By all accounts, Barnett's latest attacks have been failing so far. A week after reporters started to report Barnett's latest fabrication, a poll showed Brown and Warren tied. And though Barnett and his underlings have been hammering away on the story for weeks, it looks like they've made little progress. The latest public poll -- a Suffolk University poll released May 23 -- shows Warren and Brown in a dead heat and suggests Warren has emerged "unscathed" from the latest underhanded Jim Barnett onslaught.

These kinds of sleazy attacks are clearly not a new impulse for Barnett. Seven years ago, Peter Clavelle, the former mayor of Burlington campaigning against Barnett's boss Jim Douglas, said that if his opponent "has an issue with me on policy, let's have that debate. But let's put an end to this nonsense of hiding behind Barnett. It's 'Bush League' politics coming to Vermont."

But even more importantly, these kinds of sleazy attacks are nothing new from Republican Party operatives. Lee Atwater and Karl Rove were protégés of the Nixon campaign team that went to prison because of the Watergate scandal. Rove's sleazy attack ads were the opening volley for Scott Brown in this campaign. And now Rove's own proud protégé Jim Barnett is running the same kind of campaign. Maybe hiding behind Barnett is Brown's best hope of holding onto his seat -- it certainly isn't by having an open debate on the issues.

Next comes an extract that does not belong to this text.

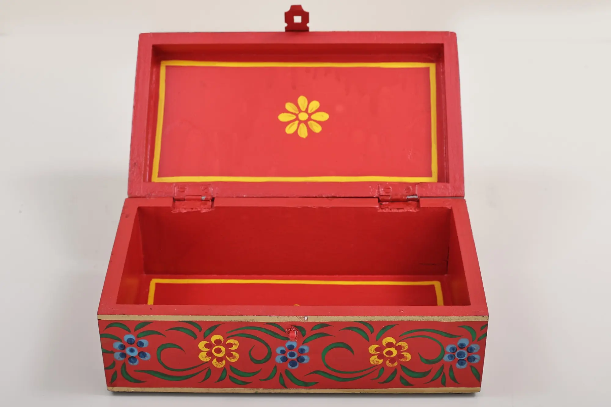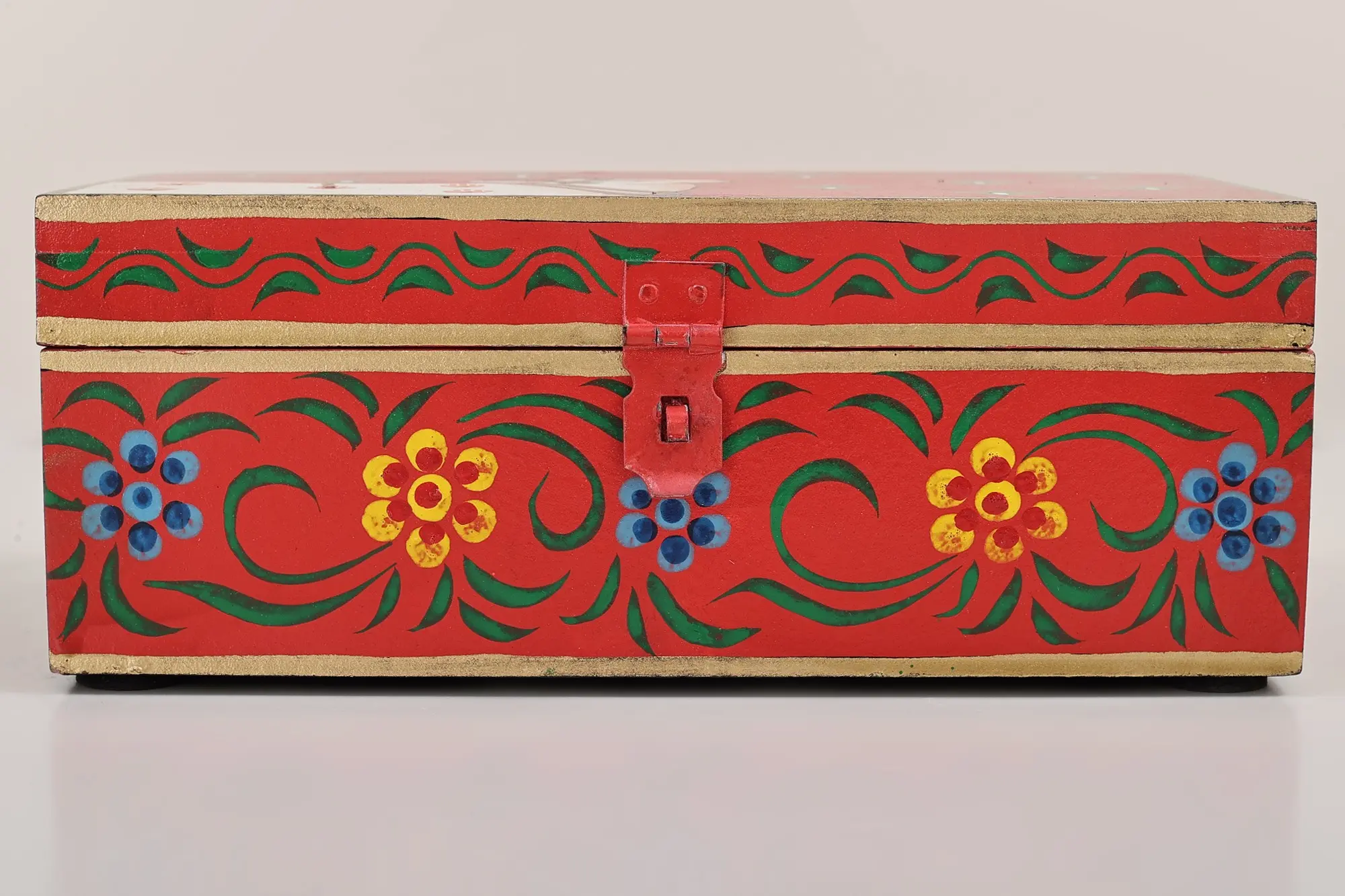 This Hand-Painted Cow on Wooden Box is a tribute to the artistry and spirituality of the age-old tradition of Pichwai art. Crafted from Mango wood, this vibrant box features a bright red base adorned with a Pichwai-style painting of a sacred cow. The intricate detailing includes symbolic handprints on the cow's body, representing Lord Krishna's protective presence over these revered animals. The marriage of traditional Pichwai art with the functional elegance of a wooden box creates a piece that not only captivates the eye but also tells a spiritual narrative. Embrace cultural richness and divine symbolism with this exquisite and meaningful creation.

But Brown also faces serious reputation risks by importing Barnett's brand of Rove-inspired sleazy and dirty politics into Massachusetts at the expense of any meaningful discussion on actual policy. After all, Brown has a nice guy image to protect -- and losing it might be just as harmful as owning up to his positions on the issues. It's unlikely Brown will choose a different path, ditching Barnett and tossing the Rove playbook. But Warren's supporters should know what Warren is in for: a long, brutal, nasty fight ahead.